Equipoising or lifting arms have supported equipment, such as Steadicam® brand stabilized camera systems, since 1975. These arms typically consist of two serial parallelogram linkages (segments) connected by a central hinge, with each linkage generating a lifting force created by a resilient means. The proximal hinges of these arms, i.e. the hinges closest to the operator on each segment, are typically hinged to a robust load-supporting vest, worn by the operator, and ideally support virtually all of the weight of the payload camera stabilizer (or industrial tool), and permit low friction, finger-tip manipulation thereof—as if in zero gravity—within the volume of space defined by their lifting and extending range. Unfortunately, to date, this volume is considerably less than the volume of space accessible to the average human arm.
As used herein an “equipoising arm” is not limited to a lifting arm that has a uniform lifting force throughout its excursion, although such an arm is within the definition.
Camera stabilizers, such as ‘Steadicam®’ devices in so-called ‘high-mode’ (camera mounted on top), typically deliver a range of lens heights from approximately waist to head; or alternately from knees to waist height in so-called ‘low-mode’ (camera hanging below). The operator must stop work and the equipment must be physically altered to switch from high-mode to low-mode shooting. If the lifting range of the camera stabilizer arms could more closely match the gripping range of the average human arm, the switch from high to low-mode operating would likely be needed much less often, since the lens, in low mode for instance, could go continuously from knee level to above head height.

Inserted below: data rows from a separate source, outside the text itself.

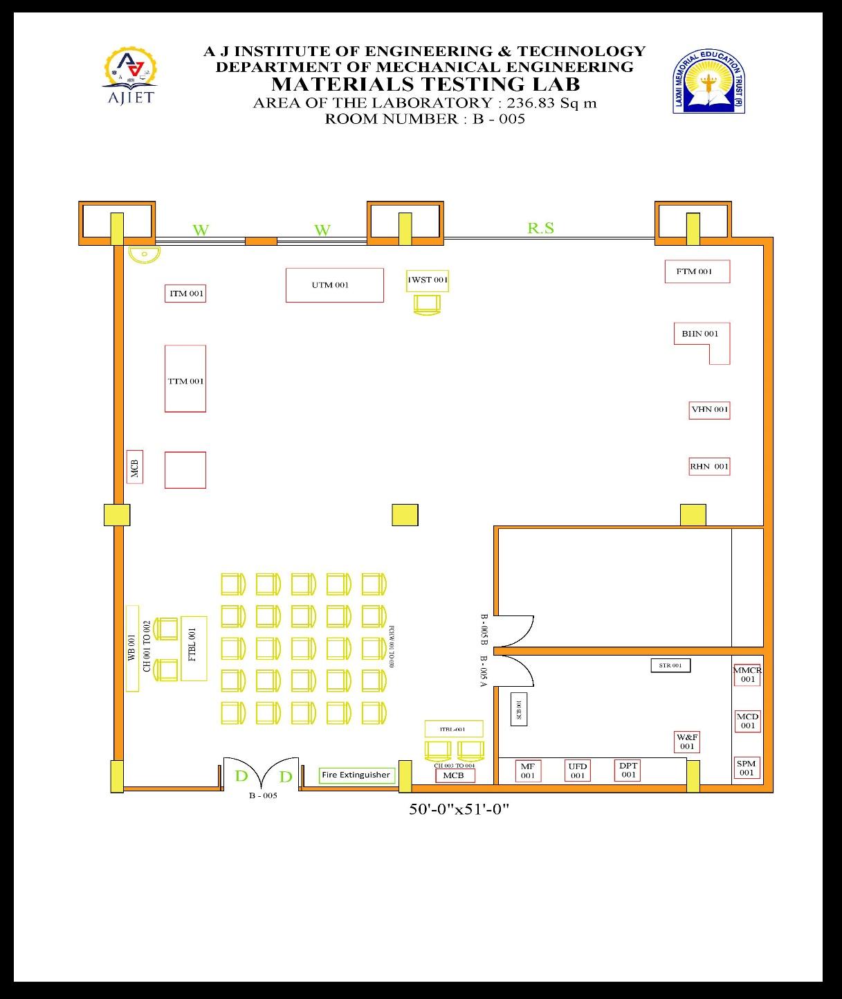 In Material Testing laboratory, the students will enrich their knowledge practically on various properties of Engineering materials. Students will be able to differentiate between Ferrous and Non- Ferrous materials, Cast Iron and steels, Metals and Alloys etc. They will have the knowledge of different properties such as Hardness, Toughness, Tensile strength, Compressive strength, Shear strength, Torsional and Bending strength and also failures such as Wear, internal cracks and so on. Students will be able to identify the usage of different laboratory testing equipment for particular purpose. Lab is provided with proper ventilation, space and sufficient lighting.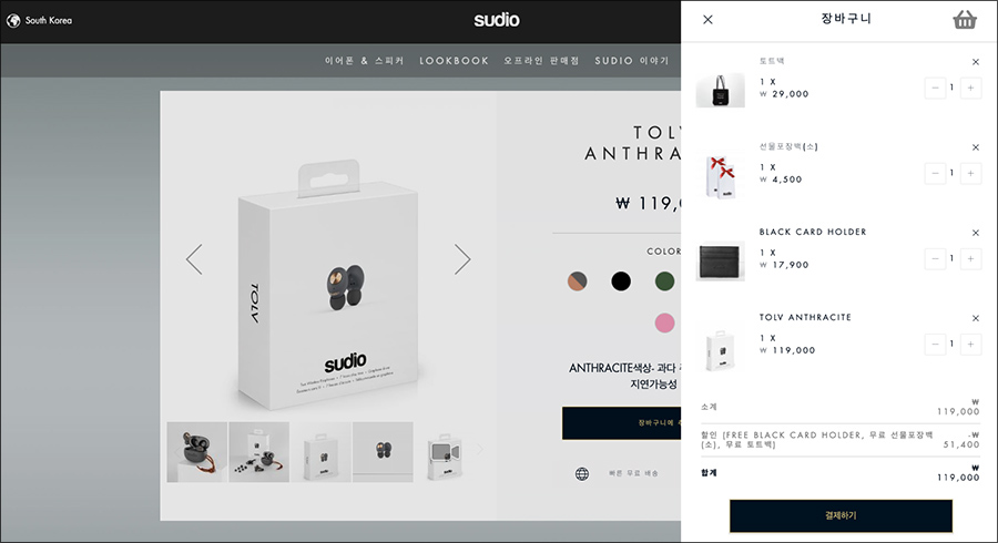 먼저 수디오 공식몰 사이트에 접속해서 원하는 이어폰 제품을 장바구니에 담습니다. 아마 추석 이벤트 기간이라서 자동으로 토트백, 선물포장팩, 그리고 카드지갑이 함께 담기게 될 거에요. 무료 이벤트 진행중이라 모두 공짜 사은품이니 안심하시고 '결제하기' 버튼을 클릭합니다.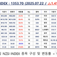 언론 통합 플랫폼이자 인터넷신문사 제보팀장을 운영 중인 더에이아이미디어는 7월 22일 NZSI INDEX 기반 시황 보고서를 발표했다. [편집자주] NZSI INDEX는 왜곡된 시장 정보에서 벗어나, 개인 투자자를 위한 공정하고 실질적인 투자 기준을 제시합니다. NZSI INDEX에는 미래를 설계할 수 있는 자본시장의 가능성이 담겨 있습니다. ★ 지수변경 : 1,000을 기준으로 종목 기여도 동일 반영 ★ 기 준 가 : 2024. 12. 20 / 1차 개편 : 2025. 04. 01 ★ 평가기준 : 20개 종목 X 5개 항목 (건전성, 안전성, 성장성, 위험도, 기대값) X 10등급 (A3 ~ D) 2025년 7월 22일, 코스피 지수는 전 거래일 대비 1.27% 내린 3,169.94포인트로 마감됐고, 코스닥 지수는 1.06% 하락한 812.97포인트를 기록했다. 이날 코스피 시장의 거래대금은 약 10조 9천억 원, 코스닥 시장은 약 6조 9천억 원 수준을 보이며 전일과 유사한 유동성을 유지했다. 시가총액은 코스피가 2,582조 원, 코스닥이 416조 원으로 각각 집계됐다. 글로벌 금융시장에서 미국 뉴욕 증시는 혼조세로 마감됐다. 다우존스 산업평균지수는 견조
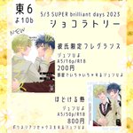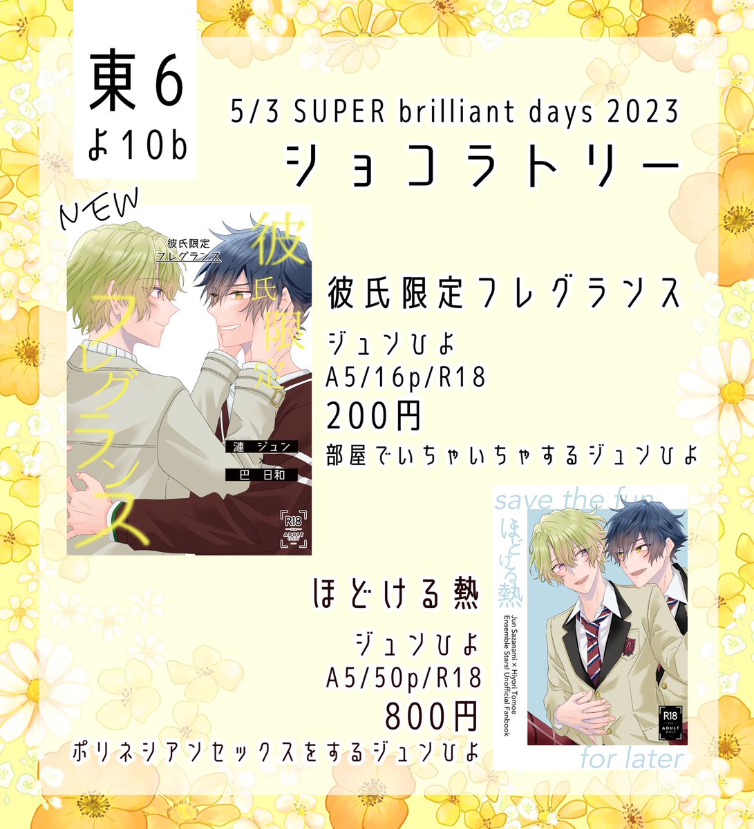5/3 SUPER brilliant days 2023 楽園への誘い3 東6よ10b ショコラトリー Edenプチのお品書きです ジュンひよの新刊と春コミの既刊を頒布します よろしくお願いします💙💚 新刊サンプル→ twitter.com/moonlight92211… 既刊サンプル→ twitter.com/moonlight92211… 新刊通販→ ec.toranoana.jp/joshi_r/ec/ite…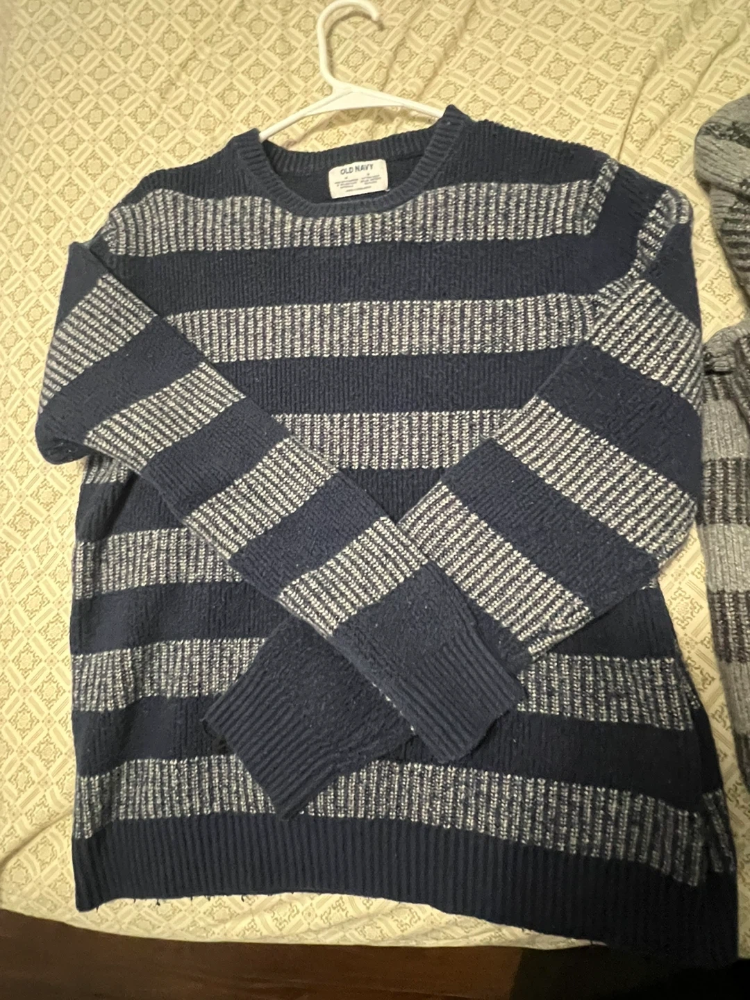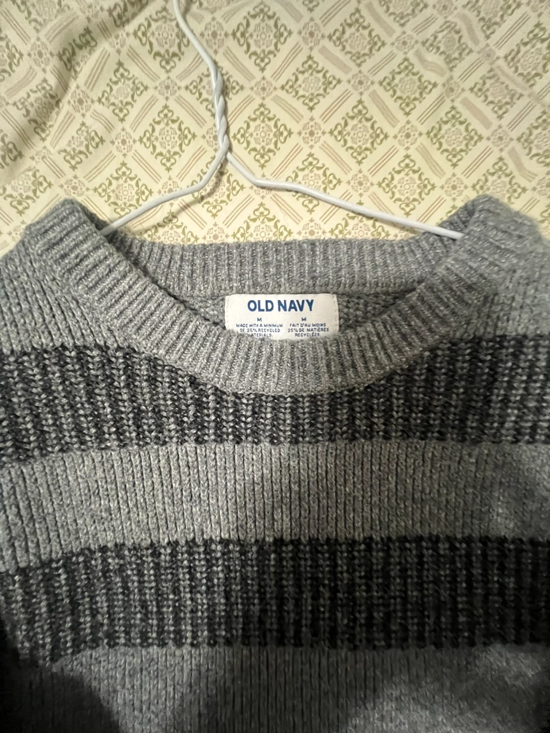 Two Old Navy sweaters with horizontal stripes. Made with a minimum of 30% recycled materials. Size is medium.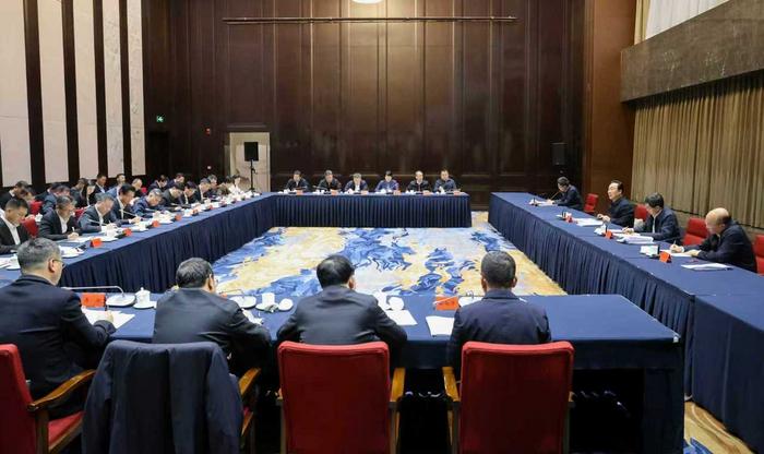 12月17日,省委书记王浩在台州主持召开部分县(市、区)党委书记座谈会,就更好谋划明年经济工作听取意见建议。潮新闻记者 李震宇 摄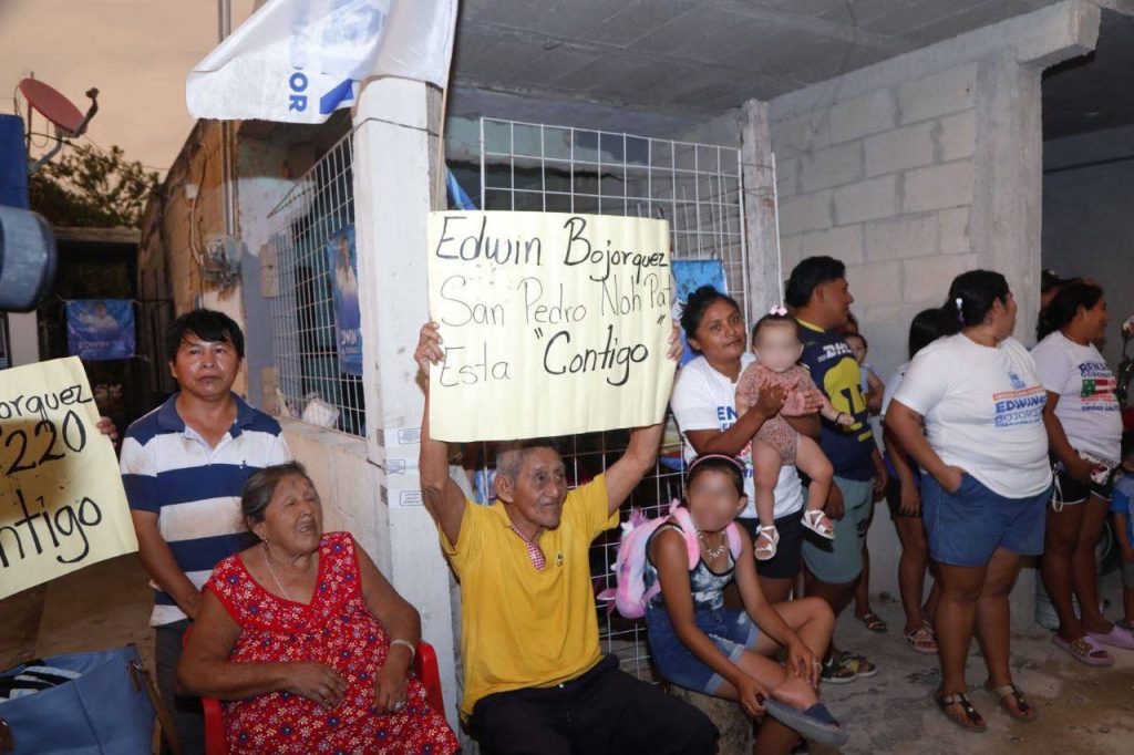 De nueva cuenta, el candidato panista estuvo acompañado de su esposa Raquel Balam Rocha de Bojórquez, así como del candidato a diputado local por el Distrito X, Diego Cardós Rodríguez. En todo momento el numeroso grupo estuvo animado en todo momento por la batucada y porras a favor de Edwin Bojórquez.
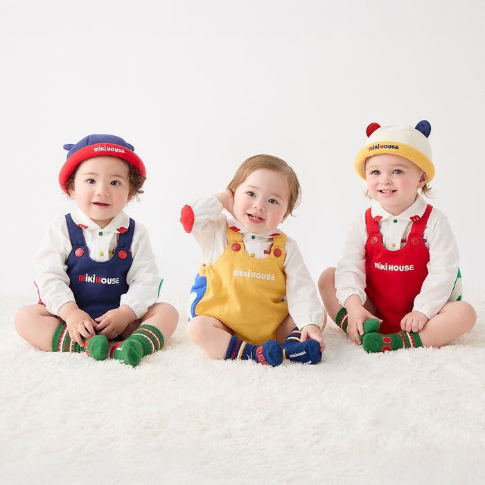 Bring on the vintage vibes! This retro-inspired romper features bold, iconic MH logo patches on the sides and a playful, rounded silhouette that’s perfect for little active movers. Crafted in soft, cozy mini terry fabric, it’s ideal for cooler days and super gentle against delicate skin. Adjustable shoulder straps and convenient snap closures make changes a breeze. Part of the standout New Logo Collection, it’s a fun pick for gifting or coordinating sibling outfits in classic MIKI HOUSE style.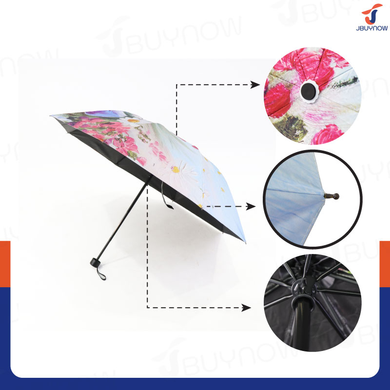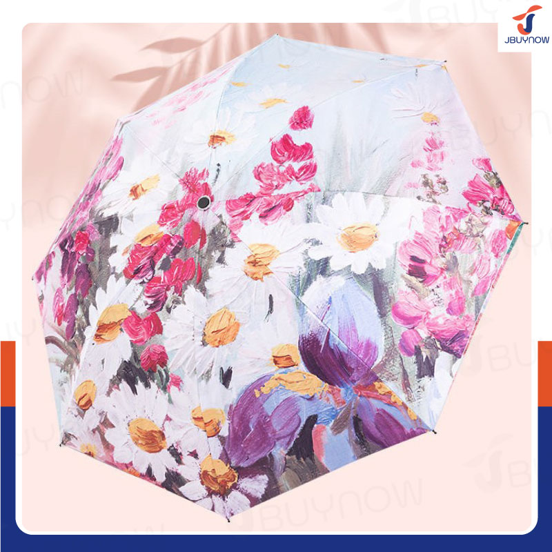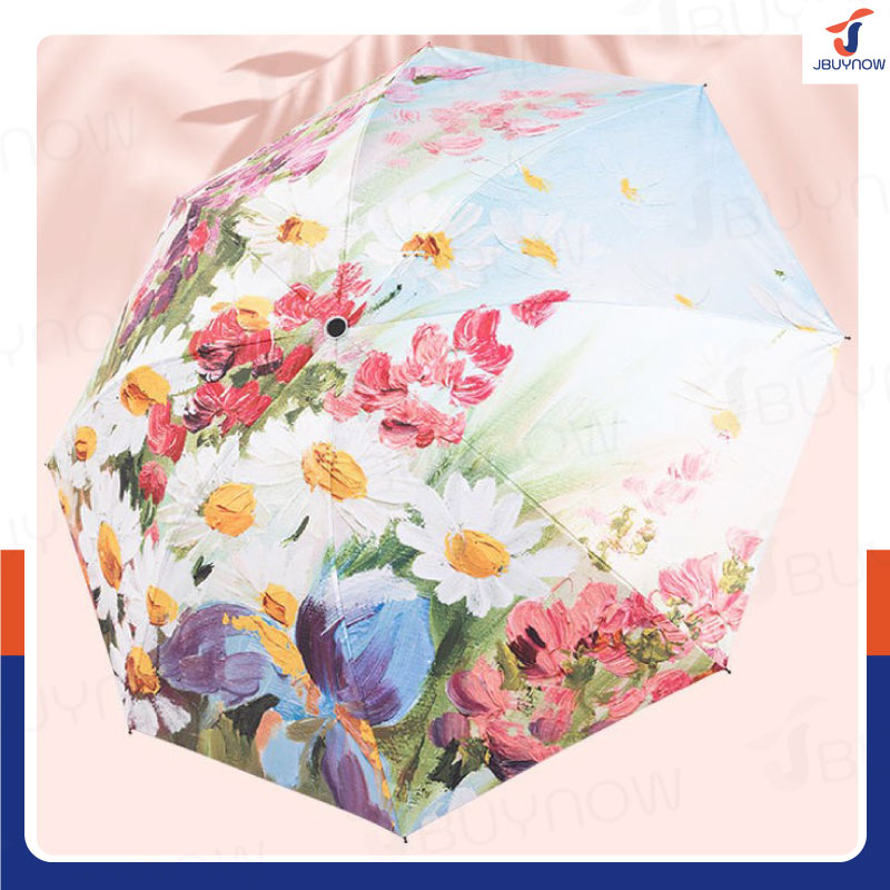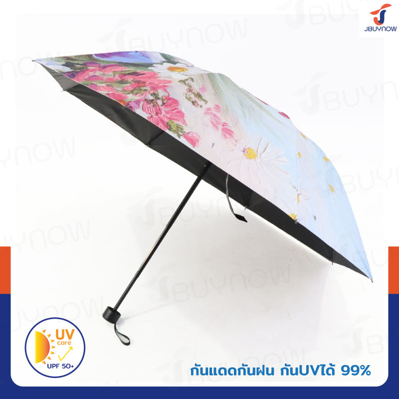 - ร่มพับ 3 ตอน ลายภาพวาดสีน้ำมันดอกไม้ คละสี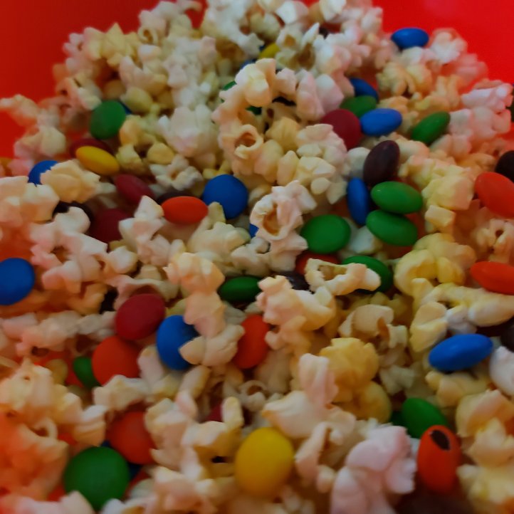 While Mr. Mouse was out, I whipped up a quick bowl of popcorn with m&ms and dubbed it Up-corn. (1 bag microwave popcorn, popped, 1/2 cup m&ms on top, or more to your liking) The m&ms look like little balloons on a pile of popcorn clouds. We threw in Up and that set our evening mood.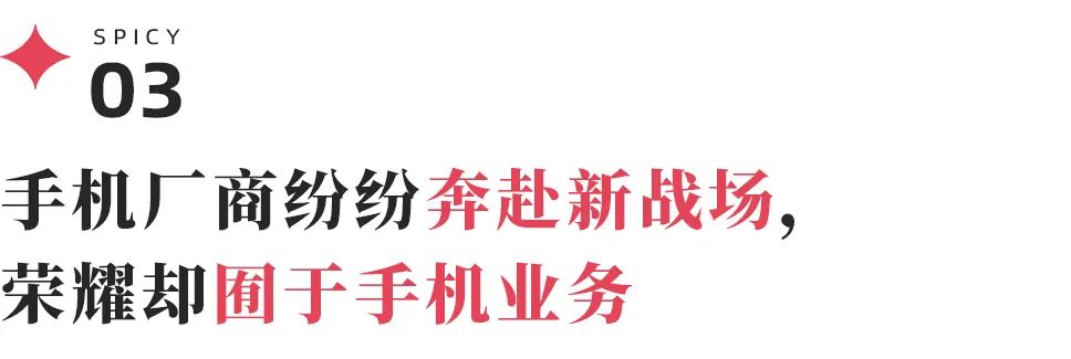 事实上,购物节仅仅是一个典型切片。伴随着中国智能手机红利消逝,荣耀的“微笑曲线”早已有触顶的迹象。考虑到接下来,中国智能手机市场竞争将愈发激烈,其他手机厂商纷纷讲出极具成长性的生态、造车等“新故事”,押宝空洞AI技术的荣耀,或将直面巨大的下行压力。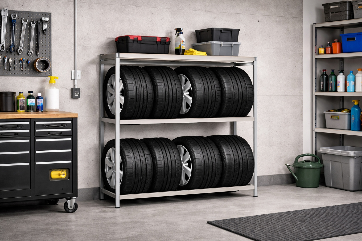 - Avantaj principal: organizare eficienta pe verticala si acces usor la anvelope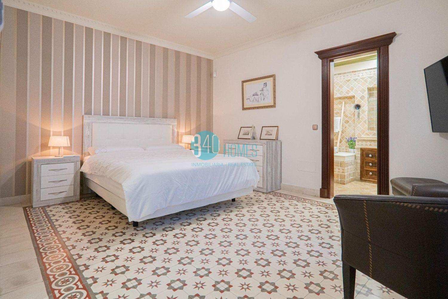 En pleno centro histórico, en una tranquila y encantadora calle peatonal y a tan solo 200 metros del mar, se encuentra esta extraordinaria villa de lujo completamente reformada, una auténtica joya arquitectónica del siglo XIX que combina el encanto señorial andaluz con el máximo confort contemporáneo. La propiedad recibe con un espectacular patio central de estilo sevillano, presidido por rejas originales del siglo XVIII y un impresionante artesonado de madera noble tallada, elementos únicos que aportan carácter, historia y una atmósfera incomparable.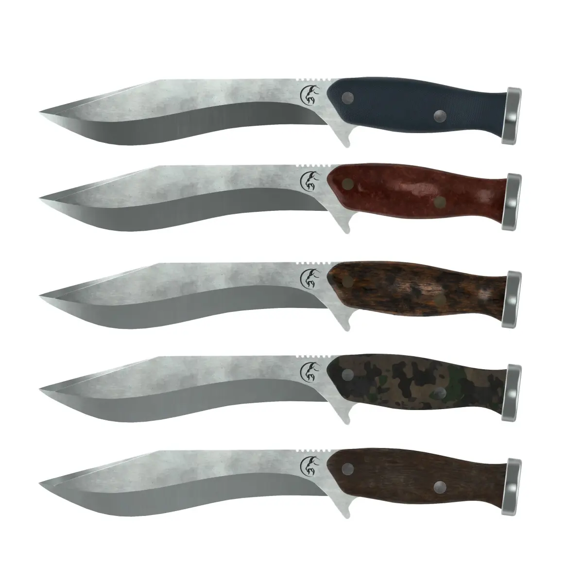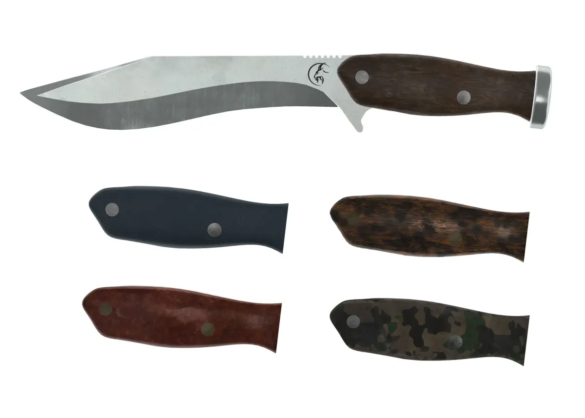 A very detailed Survival Knife (Model 1) with 4k High-Quality PBR Textures. The blade has a detailed scratched steel base and the handle has 5 skins wich you can choose.This knife is from a pack with 5 knives, this one is the Model 1.

Attempts have been made to add a third lifting segment to these equipoising arms in order to augment their lifting range, but the results have been unsatisfactory. Conventional equipoising arm segments are hinged to swing laterally, starting from the proximal hinge at the vest. These hinges present functional difficulties when a third lifting arm segment is added. All three segments, each weighing several pounds, can swing capriciously, since they now form three sides of a horizontal four-bar linkage, which is unrestrained and often haphazardly obstructive to normal operating.
An additional problem occurs when three-segment arms are mounted to a vest, in particular to the back of the vest, behind the operator. Non-vertical orientation of the proximal hinge causes the payload to side-slip laterally and requires proportional restraint. An arm-angle adjusting mechanism is located between the support structure at the vest and the proximal hinge to address the problem. These arm-angle adjusting mechanisms are frequently fine-tuned on-the-fly for various operating conditions and maneuvers, so it can be desirable to have them within reach of the operator. If a three-segment arm were to be mounted behind the operator, these adjustments would typically be unreachable by hand.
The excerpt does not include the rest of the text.